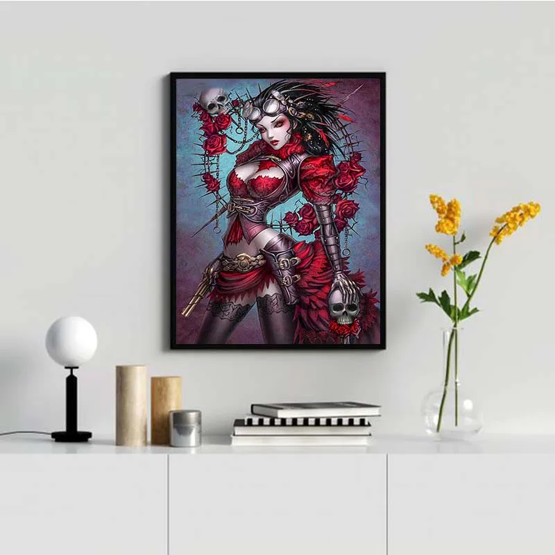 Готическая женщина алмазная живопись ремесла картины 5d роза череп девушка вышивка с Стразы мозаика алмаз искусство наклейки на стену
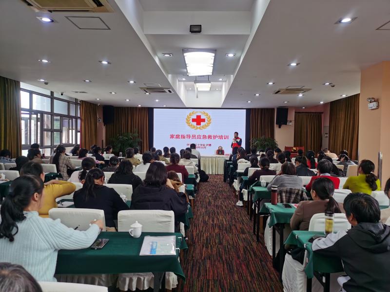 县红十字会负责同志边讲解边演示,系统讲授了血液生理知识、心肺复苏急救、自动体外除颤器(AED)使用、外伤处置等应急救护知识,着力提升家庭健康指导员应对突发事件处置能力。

...

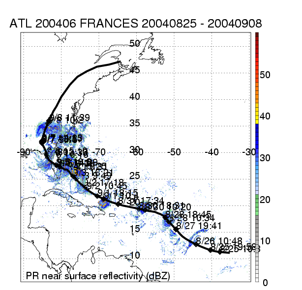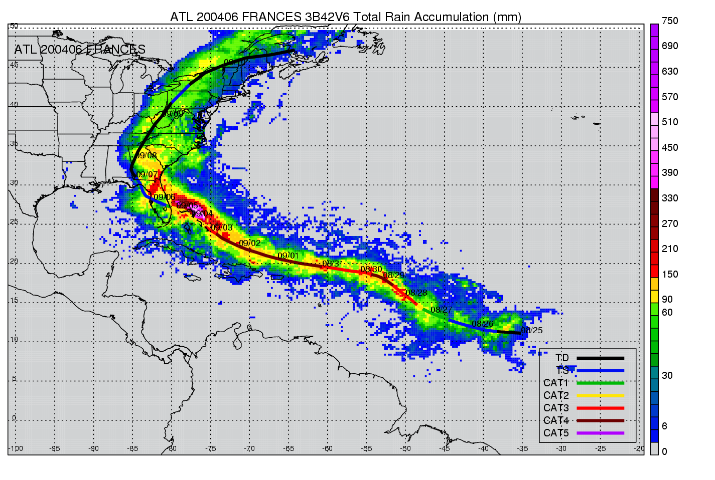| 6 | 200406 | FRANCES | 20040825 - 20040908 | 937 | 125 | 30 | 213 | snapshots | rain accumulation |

» **WORK INSTRUCTION**
Exact repeat of the material above: every line from the one with "Готическая женщина алмазная" through the one with "县红十字会负责同志边讲解边演", endpoints included, and nothing more. No pictures.

» **RESULT OF THIS TASK**
 Готическая женщина алмазная живопись ремесла картины 5d роза череп девушка вышивка с Стразы мозаика алмаз искусство наклейки на стену
 县红十字会负责同志边讲解边演示,系统讲授了血液生理知识、心肺复苏急救、自动体外除颤器(AED)使用、外伤处置等应急救护知识,着力提升家庭健康指导员应对突发事件处置能力。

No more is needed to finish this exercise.